Wolfgang Tillmans: Roy, 2009
Serpentine GalleryIn Roy we see an infant sleeping in a carrying chair, secured backwards in the front passenger seat of a car to face out towards the viewer. In the rear-view mirror, we see the upper half of a woman’s face, the edge of the reflected image cutting horizontally across her features, so that her dark eyes – concentrating on the road ahead – are only half visible. Her eyebrows, forehead and centrally parted hair give the viewer a good indication of her age and appearance. Pale but bright sunlight is coming into the car, highlighting the collected dust and dried raindrops on the windscreen, and the dragged arc of smeared water left behind by the perishing rubber of the windscreen wipers.

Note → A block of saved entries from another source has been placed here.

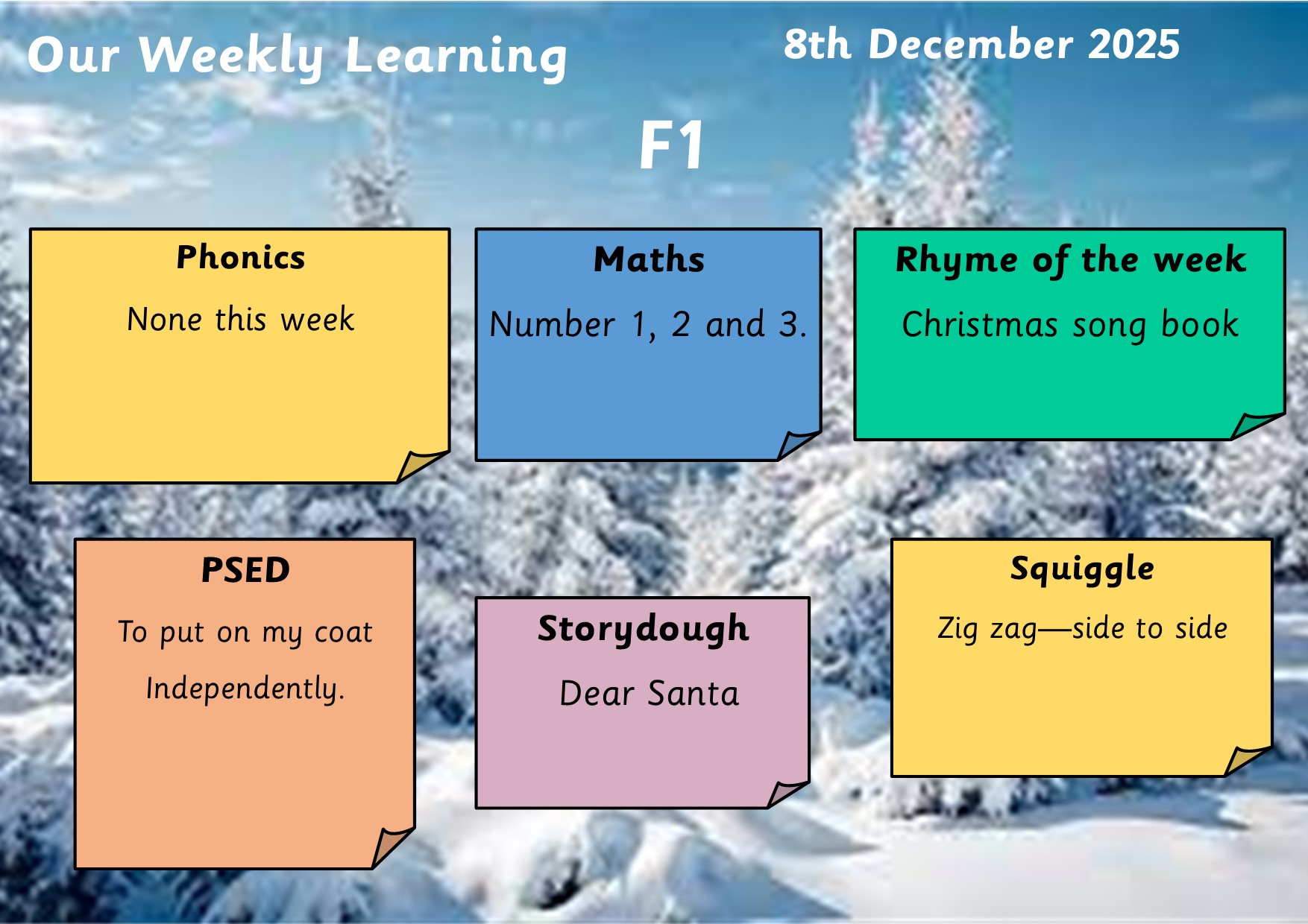 Wow, what a busy week in Nursery! We started our week with our Christmas sing-a-long, I'm sure you will all agree that our children did an amazing job, they all sang so beautifully - it was so wonderful to see and hear! On Thursday, we had our Christmas 'Stay and Create', a huge 'thank you' to you all for taking the time to come into Nursery and create with your child, they absolutely loved the Christmas crafts and we hope you did too! We are now approaching our final week of school and your child has completed the first term of the academic year. The Nursery Team are so proud of the children's resilience, they really have embraced Nursery! Next week we have our PROUD assembly on Tuesday at 11am, each child will be awarded a certificate to celebrate their achievements in Nursery - it would be lovely to see you all there. On Thursday, we have our Nursery Christmas Party - children can come to school in party clothes but please remember we will be going outside so sensible shoes will be needed. If you haven't already done so, please could you send your child to school with a £1 contribution, this will help greatly with the cost of party food.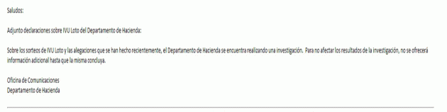 " Sobre los sorteos de IVU LOTO y las alegaciones que han hecho recientemente, el departamento de Hacienda se encuentra realizando una investigación. Para no afectar la investigación no se ofrecerá información adicional hasta que la misma concluya".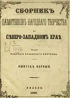 Директор виленского училища, член Общества любителей русской словесности, историк и фольклорист-славист П. А. Бессонов, в 1864―1867 годах, возглавлявший Виленскую археографическую комиссию, издал сборник песен-литаний старцев «Калики перехожие», в который вошли и белорусские песни. В 1871 году выпустил в Москве сборник «Белорусские песни с подробными объяснениями их творчества и языка, с очерками народного обряда и всего быта» с волочебными, юрьевскими, никольскими, купальскими и колядными песнями[109]. Бессонов писал о Беларуси

In its undeniable modernity and sense of daily event, the image brings to mind Richard Hamilton’s painting Mother and Child, 1984–85, in which a smiling infant, dressed in white woollens, attempts awkward early steps towards the viewer, its hand held by the smiling mother. In this image, too, we can only see a fragment of the mother’s face, since it is cut across by the upper edge of the canvas. Her relationship with the child is defined by what we see of her jaw and smiling mouth, framed by her long brown hair hanging loosely to one side as she bends down to guide the stumbling child. The light within the scene – as in Roy – appears to be that of pale, bright early spring sunshine, suggesting new life.